El 21 de julio de 563 a. C fue un día glorioso y también oprobioso. Glorioso porque a las siete de la tarde nació el gran conquistador Alejandro Magno. Y oprobioso, porque a esa misma hora un pastor llamado Eróstrato inició el fuego que horas después acabaría con una de las siete maravillas del mundo: el templo de Artemisa. El incendiario en cuestión -un hombre simple que había sido puesto bajo la tutela de la misma diosa-, fue apresado de inmediato mientras gritaba su nombre entre las ruinas candentes del templo. Furioso por semejante osadía, el rey persa Artajerjes (por entonces conquistador de Grecia) ordenó que Eróstrato sea ejecutado sin ningún tipo de juicio. Antes de morir, mientras era torturado, el modesto pastor contó cual había sido el motivo que lo llevó a incendiar el templo: quería ser famoso. Lo que más deseaba en la vida era que su nombre se conociera en todo el mundo. Ante esta revelación, Artajerjes decretó entonces -y sus decretos eran casi una ley divina- que el nombre del insensato jamás sea pronunciado en su reino. Una condena que nunca se cumplió del todo, porque los historiadores registraron el hecho y, por supuesto, Eróstrato se volvió famoso.

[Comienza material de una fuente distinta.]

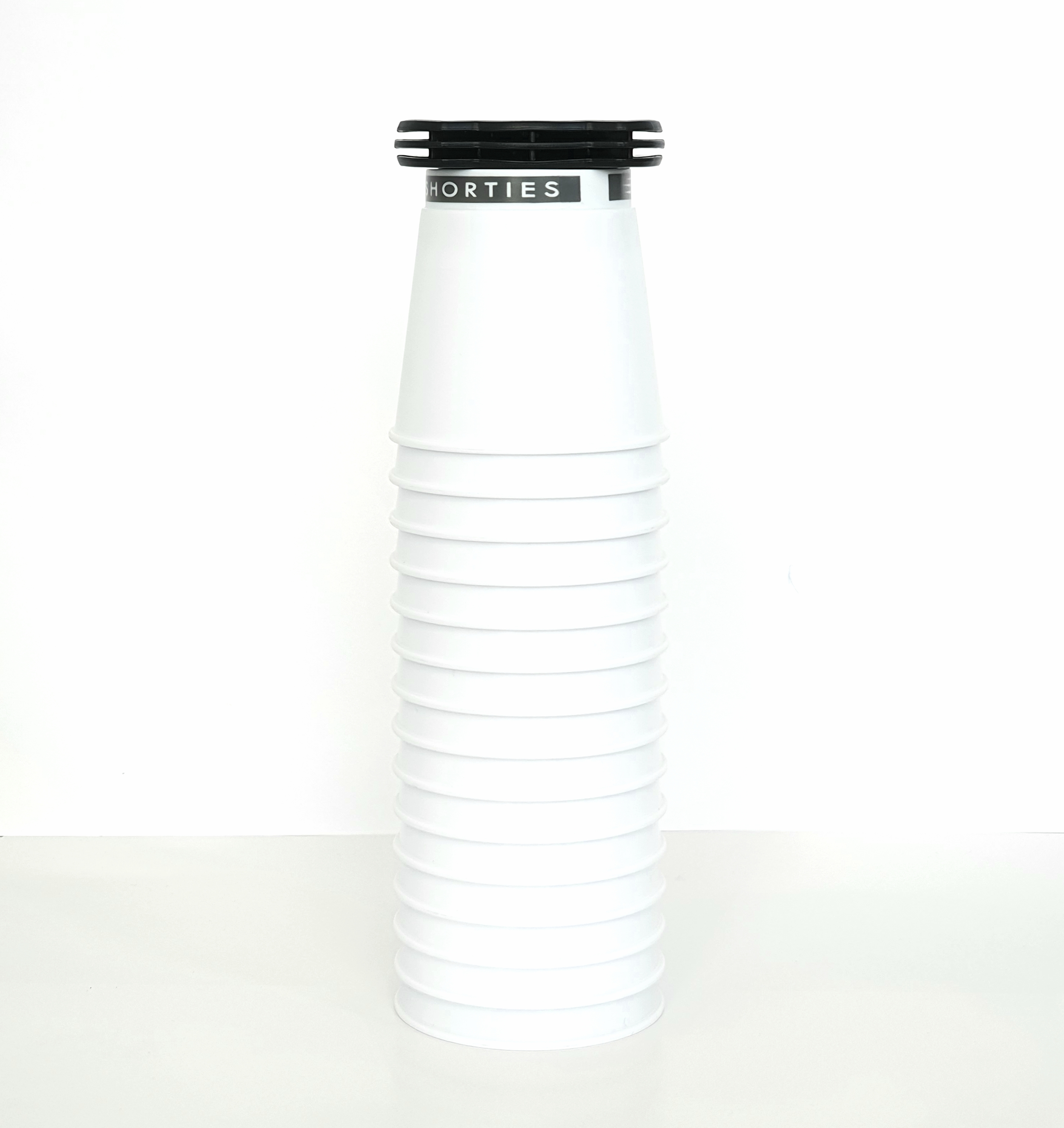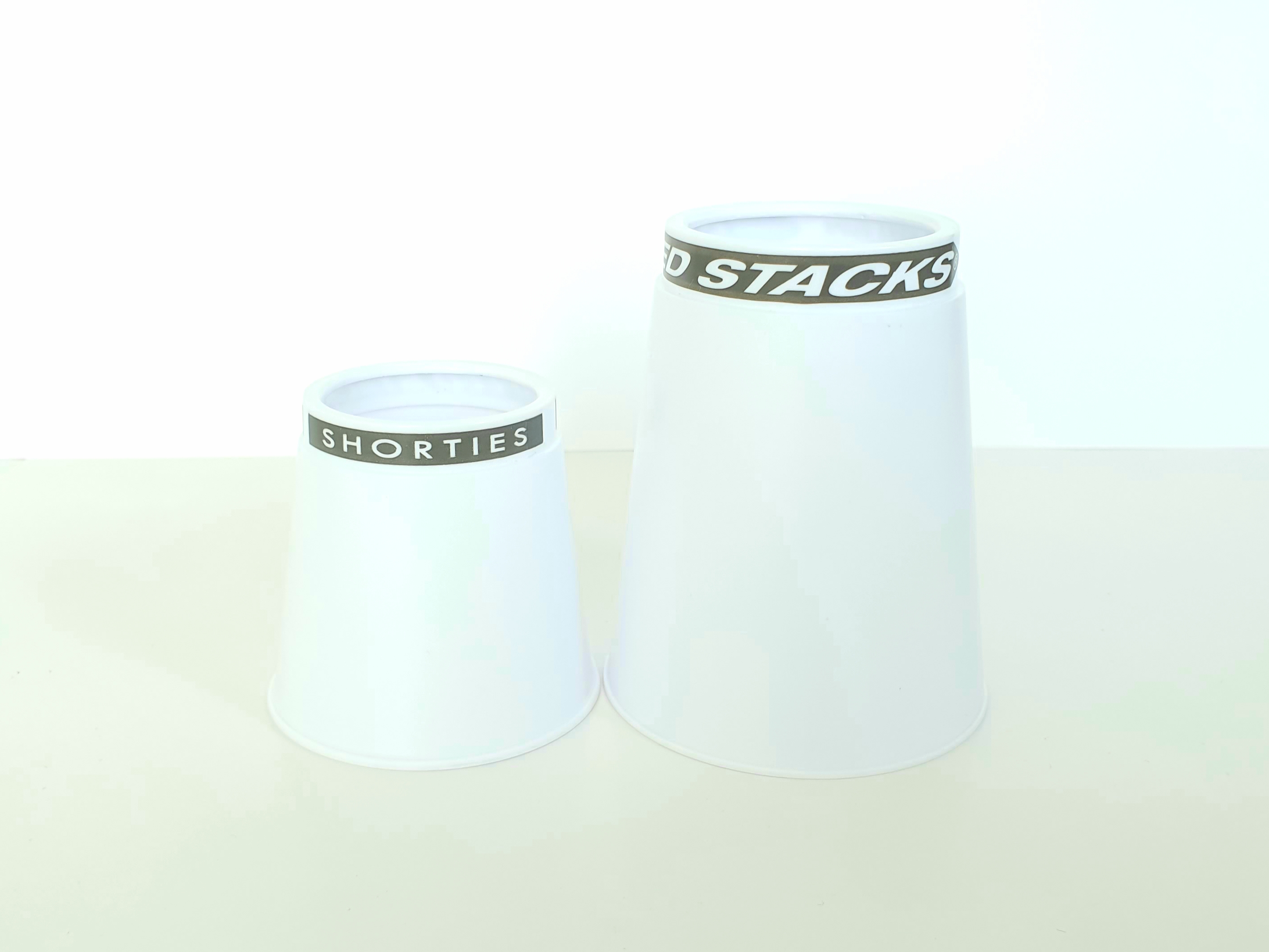 Shorties are an exciting new, lightning fast mid-size cup. While still big enough to grip with the whole hand, their shorter height means they can be stacked much faster so expect record times with these cups (no, they cannot be used in competition yet, but a new category may be created in the future). Younger stackers will also welcome Shorties because they are easier to hold with smaller hands. Even more exciting is that Shorties come with 15 cups in each set, which opens up a whole new world of stacking patterns! Shorties are a Pro Series style, open top cup and come with a Shorties Stem that securely holds all 15 cups. The inaugural edition of Shorties are white with charcoal step printing to reduce printing wear.

Hoy su nombre es muy conocido en el ámbito de la psicología, ya que los analistas han llamado “complejo de Eróstrato” al trastorno obsesivo que lleva a una persona a querer sobresalir a toda costa. Un trastorno que adquirió una dimensión alarmante en las redes sociales. Twitter, por ejemplo, se ha convertido en un universo en el que todos quieren estar, sin importar el costo. Para las celebridades, tener un gran número de seguidores representa publicidad ya que los medios informativos tradicionales hacen eco de lo que pasa online. Pero, para las personas comunes, esa red social se vuelve una tribuna; como lo era el ágora en la Grecia clásica. Muchos suben fotos y videos hasta de sus acciones más intimas, sólo con el propósito de mostrar que existen. Eso lleva, por supuesto, a cambiar conductas y a vivir de acuerdo al “que dirán” o al “cómo me verán”. Como quien dice, una vida chata y de corto alcance. Tal vez estemos ya en la época en la que Andy Warhol pronosticaba que todos tendremos nuestros 15 minutos de fama, aún a costa de nuestra propia credibilidad.
Según el licenciado Adrián Dall’Asta, de la Fundación Padres, el exhibicionismo es una moda que han adoptado, sobre todo, las adolescentes que buscan ser “populares”. Los varones, en cambio, buscan trascender a través de la violencia en las redes sociales: amedrentar a alguien, insultarlo, amenazarlo y burlarse. A menudo con consecuencias graves. De todas maneras, no hay que confundir este comportamiento con el bullying: acá la finalidad no es herir al otro -más allá de que esto ocurra-, sino llamar la atención y ganar seguidores. Así las cosas, estos modernos imitadores de Eróstrato, ya no pueden concebir la vida desde el anonimato. Ser visibles es, para ellos, sinónimo de popularidad. Y ser popular es la clave de la felicidad. Una visión realmente preocupante de la vida, porque la suma de televisión, internet y redes sociales ha hecho que la popularidad normal y deseable se transforme en una masividad incontrolable, donde las relaciones se vuelven muy efímeras y sólo se calibran en función de los miles de amigos que suman en su perfil de Facebook, sin importar su calidad y los riesgos. Que pena que nuestra existencia se mantenga atada a las redes sociales. Que pena que los chicos valoren más los pulgares levantados de sus perfiles que una buena charla con amigos de carne y hueso. Que pena que la vida se reduzca sólo a mostrar la intimidad a cuanto desconocido se pasea por la red. Que pena que se imite tanto al desdichado Eróstrato.